The data described earlier, X, is analyzed by methods f to meet goals, g, implied by these questions. The utility function, U, can reflect the needs of a range of stakeholders including parents, teachers, and policy makers. The information provided by the various official reports to address the questions listed earlier is mostly descriptive and relies on a compilation of various data sources with varying levels of quality control and data quality. Assessing the level of information quality (InfoQ) of these reports, with respect to each of the previous questions, would score low on data integration, temporal relevance, and chronology of data and goal. This statement is based on the fact that indicators are considered separately, data is dated, and decision makers interested in forming policy with the support of such data experience a gap between the reported data and their objectives as managers or parliamentarians.

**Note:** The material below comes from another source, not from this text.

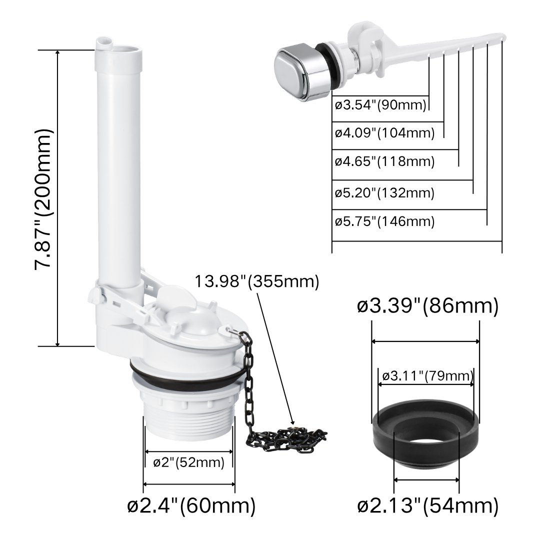 Product Name: Complete Toilet Tank Repair Kit for Two-Piece Toilets | Side Push Button, Fill Valve & 2 Inch Single Flush Valve

In this chapter, we consider in detail three education‐related application areas. The first application is focused on the extensive test reporting industry in the United States. After providing a general context based on work done at the National Assessment of Educational Progress (NAEP), the producer of the nation’s report card in the Unites States (http://nces.ed.gov/nationsreportcard), we evaluate the level of InfoQ of the Missouri Assessment Program (MAP) report. The second example interprets the ASA statement on education value‐added models (VAMs) using InfoQ dimensions. The third example concerns the assessment of conceptual understanding or “deep understanding” using Meaning Equivalence Reusable Learning Objects (MERLO). The example is based on the application of MERLO in an ongoing assessment program of teachers of mathematics in Italy. Reports based on MERLO assessment are then evaluated using InfoQ dimensions.

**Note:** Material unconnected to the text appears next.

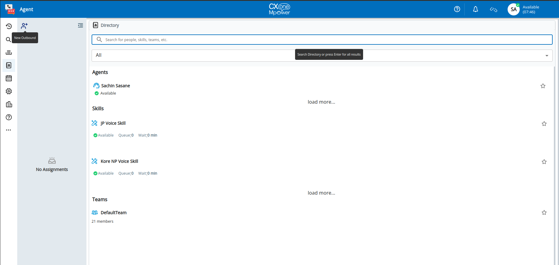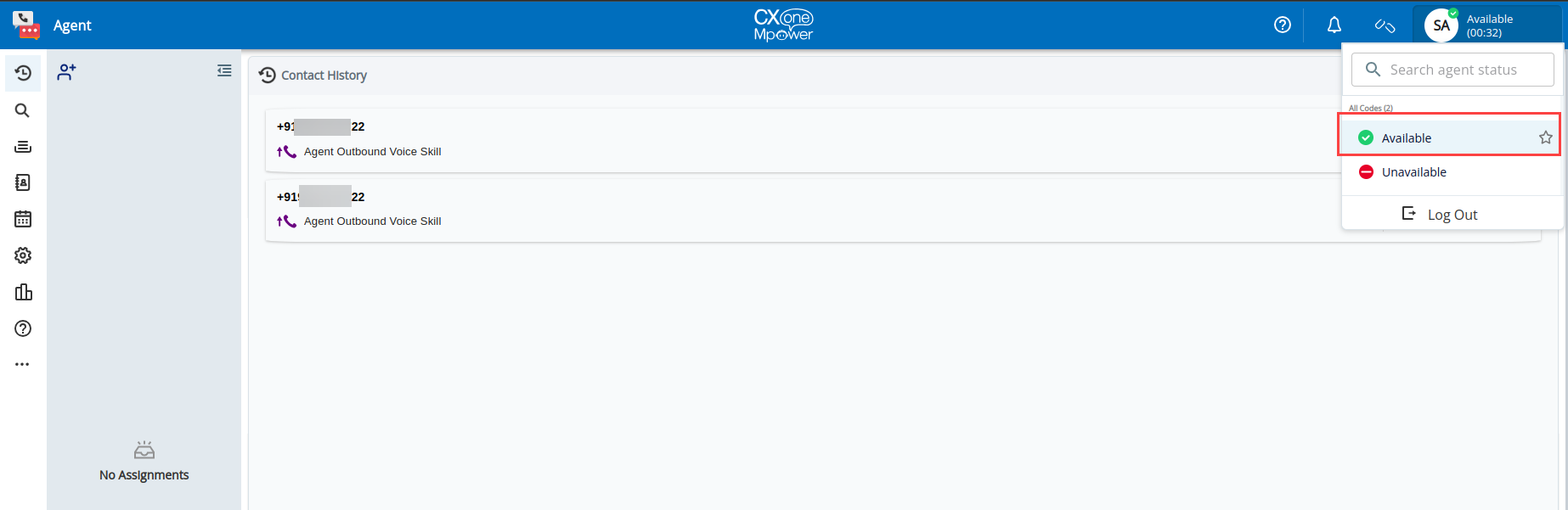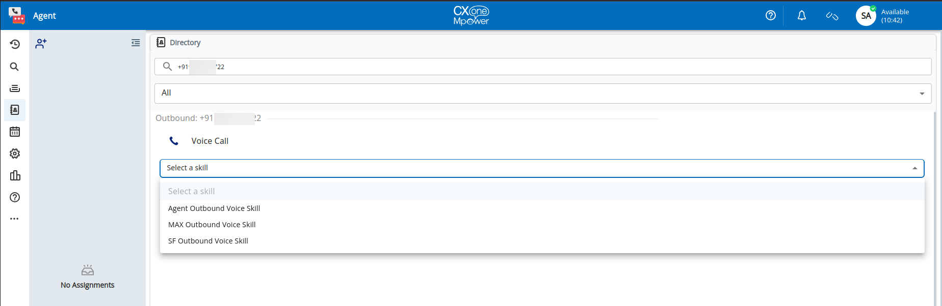 Enter a phone number in the search bar, select Voice Call, and select the outbound skill created in the previous step.

6.2 Test scores in schools

In the United States, over 60 000 000 individual reports are sent annually to parents of schoolchildren. Another 6 000 000 reports are generated in Canada. Over 1000 credentialing exams (e.g., securities, accountants, nurses) often exceed 100 000 candidates. The public, educators, policymakers, parents, and examinees want to understand scores and score reports. The types of questions asked by these various stakeholders on the basis of such reports are as follows:

  1. Parent questions:
    • Did my child make a year’s worth of progress in a year?
    • Is my child growing appropriately toward meeting state standards?
    • Is my child growing as much in math as reading?
    • Did my child grow as much this year as last year?
  2. Teacher questions:
    • Did my students make a year’s worth of progress in a year?
    • Did my students grow appropriately toward meeting state standards?
    • How close are my students to becoming proficient?
    • Are there students with unusually low growth who need special attention?
  3. Administrator questions:
    • Did the students in our district/school make a year’s worth of progress in all content areas?
    • Are our students growing appropriately toward meeting state standards?
    • Does this school/program show as much growth as another (specific) one?
    • Can I measure student growth even for students who do not change proficiency categories?
    • Can I pool together results from different grades to draw summary conclusions?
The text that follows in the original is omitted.